Aliás, o grande problema do trabalho temporário reside no facto das empresas
abusarem deste artifício para contornarem a lei e realizarem contratos temporários para
funções indiscutivelmente permanentes.
Em situações de crise, o recurso ao trabalho temporário tende a aumentar porque as
empresas encontram na precarização e nos salários particularmente baixos destes
trabalhadores uma forma de reduzir os seus custos. Como alertou o Provedor da Ética
Empresarial e dos Trabalhadores Temporários, “em situações de crise os trabalhadores
temporários ficam particularmente vulneráveis, não só porque são os primeiros a ser
despedidos, como aceitam mais facilmente a perda dos seus direitos”.

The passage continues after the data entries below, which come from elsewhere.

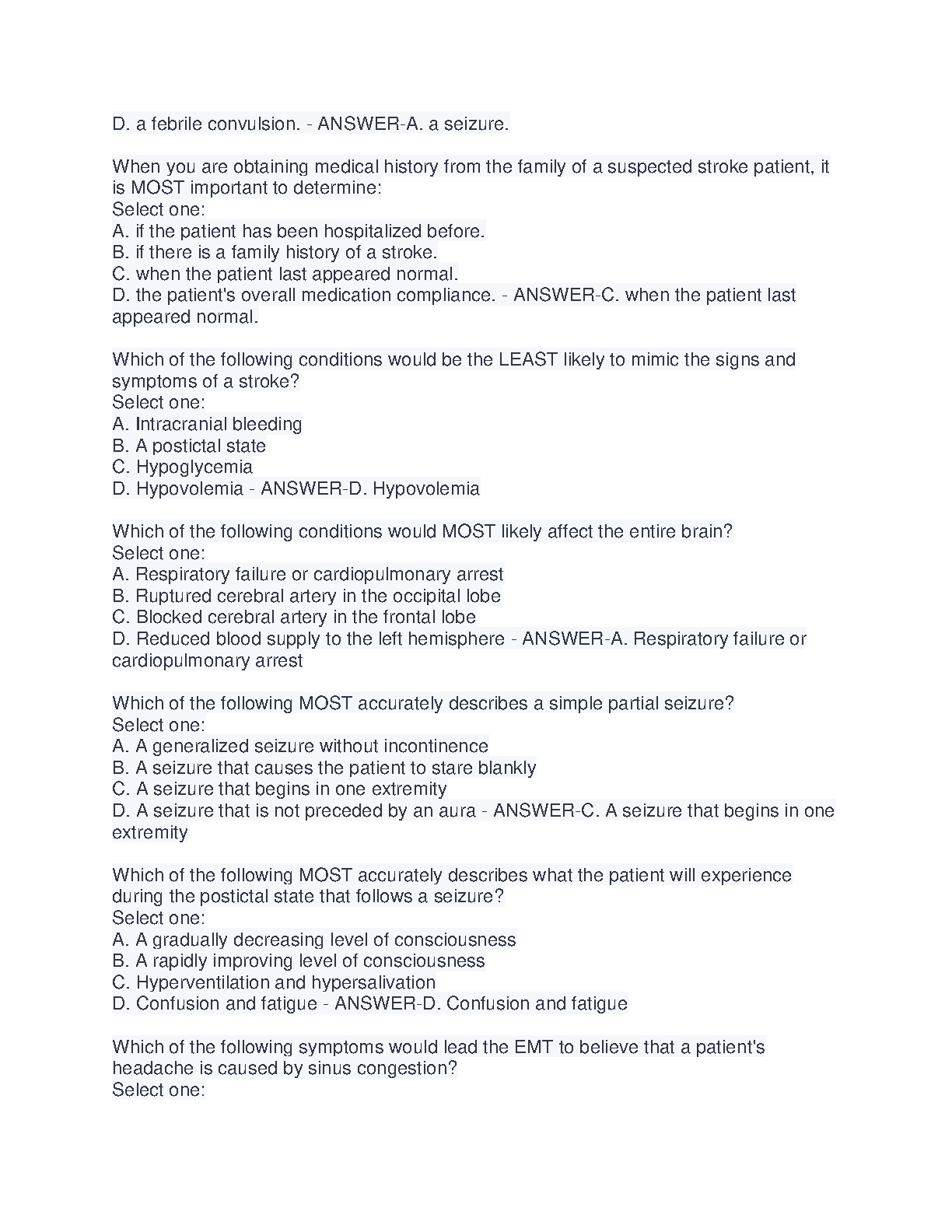 West Coast EMT Block Exam #3(Questions & Answers) 2024/2025 Edition for First Attempt Success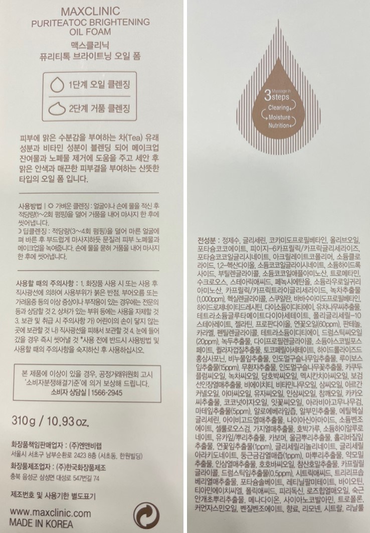 | 화장품제조업자, 화장품책임판매업자 및 맞춤형화장품판매업자 | 컨텐츠 참조 | 제조국 | 대한민국 |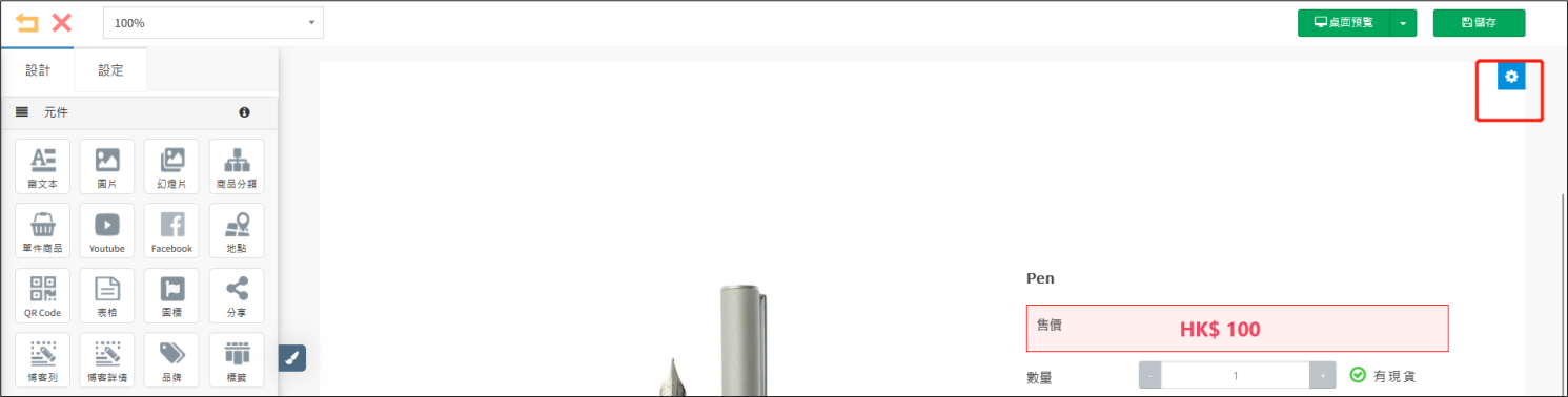 點擊[内嵌頁面]下的 產品詳情 右邊的小筆,打開頁面編輯頁面。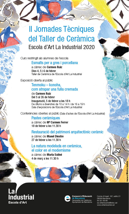 Durante el mes de febrero en la Escola d’Art La Industrial, en Barcelona, ofrecerá la segunda edición de las jornadas Técnicas del taller de cerámica, que incluirán un curso, conferencias y una exposición

Sem prejuízo de uma alteração mais profunda à legislação do trabalho que impeça a
generalização do trabalho precário, torna-se então necessário clarificar o que é o
trabalho temporário e impedir o abuso continuado que grandes empresas realizam
diariamente.
Para proteger os trabalhadores do abuso do trabalho temporário o Bloco defende a
clarificação dos motivos atendíveis para o trabalho temporário, impedindo o abuso das
empresas de trabalho temporário e das empresas utilizadoras, e a defesa das condições
contratuais dos trabalhadores temporários.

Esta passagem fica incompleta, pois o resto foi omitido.